Coffee with an old friend

I met my ex for coffee tonight. We do our best to keep in touch but of course life seems to always get in the way. We text every 6 months or so just to check in and make sure the other is doing well and have managed to meet for coffee at least once a year since our break up. I wanted to see him face to face when I tell him that Todd and I are engaged, I did this with all my other friends and wanted to do the same with him. It was great to see him. He was very excited for me and had all kinds of questions. I am so thankful that we have been able to keep some level of friendship since our split.

One of the things we talked about is how much we have both grown since our relationship. With every parting of ways in a relationship there is a measure of knowledge you gain, that is the bright side to break ups. He seems so self aware now, as am I. He was asking me about Todd and what my favorite thing about him is. That’s hard. I tell Todd all the time, a few times a week before bed usually, the specific things I love about him. Last night he said something that was so significant to me..

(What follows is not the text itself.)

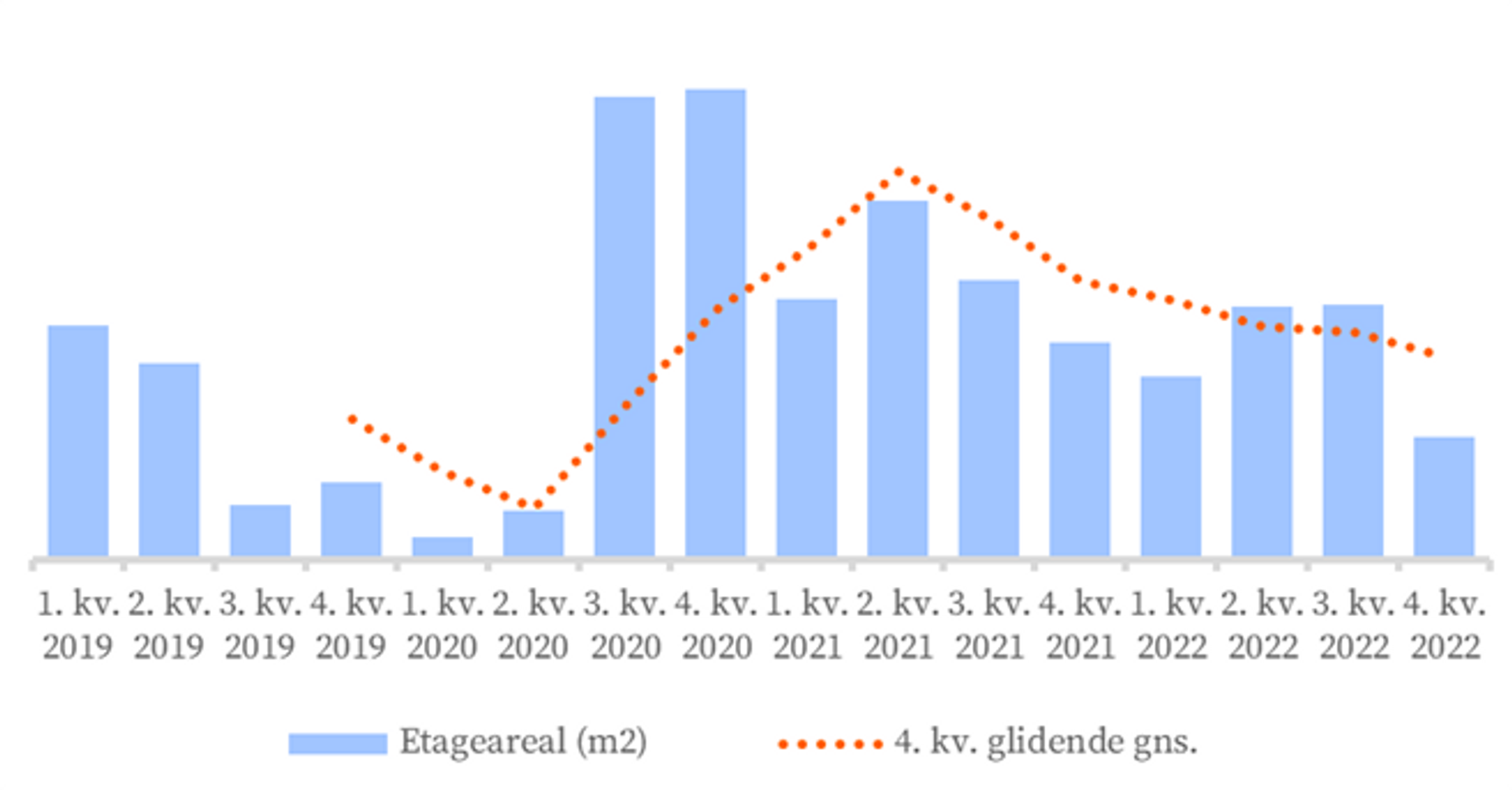 Udlejning – Udlejningsaktiviteten i Københavns omegn steg markant fra midten af 2020 og lå på et højt niveau i 2021. Newsec’s udlejningsindikator viser en lavere udlejningsaktivitet i 2022 i både Københavns omegn og på landsplan. Afmatningen er dog sket dog fra et højt niveau i 2021.

You see over the years, from time to time, I have been told that I am too sensitive or emotional or empathetic. (Usually by someone who is deliberately being hurtful. But it is). It’s cutting to hear that. I am an INFP and lead with my feelings, this is something I love about myself. I am deeply moved by things that to others may seem ordinary. I read a quote once by Tyler Knott Gregson that had to do with being brought to tears daily by the magnificence of life and the realization of how insignificant we are in the grand scheme. I relate to this so well. Maybe not daily but certainly weekly I am moved to tears by people and places and books and situations and almost anything really. It’s not sobbing tears or emotional outbursts. It’s a tear, a glaze over my eyes, a knot in my throat. It’s just gratitude for this life and an understanding of how precious things are. Sometimes I feel.. (notice when I am expressing myself it is almost always “I feel” not “I think”).. I feel things so deeply and am so affected by everyday things I worry that no one could possibly understand what it is like.

.. So last night as we are drifting off I am telling him my gratitude for him and what I love about him and the way he is. As he is reciprocating he said to me that he loves how considerate, empathetic and sensitive I am (in his own sweet words that meant so much I don’t want to share them, I would rather keep them just for myself). It made me feel the knot and does even now as I recall it. He has told me this before, he tells me all the time. It means more to me than I am able to form into words that he not only understands this side of me but that he wholly embraces it and has fallen in love with it. I have control over my emotions and sensitivity but they are there and I allow myself to feel them. I am glad he does not ask me to edit this or any other part of myself.

This man understands me on a level few people ever have, as I do him, and I know we are lucky in this. I am thankful.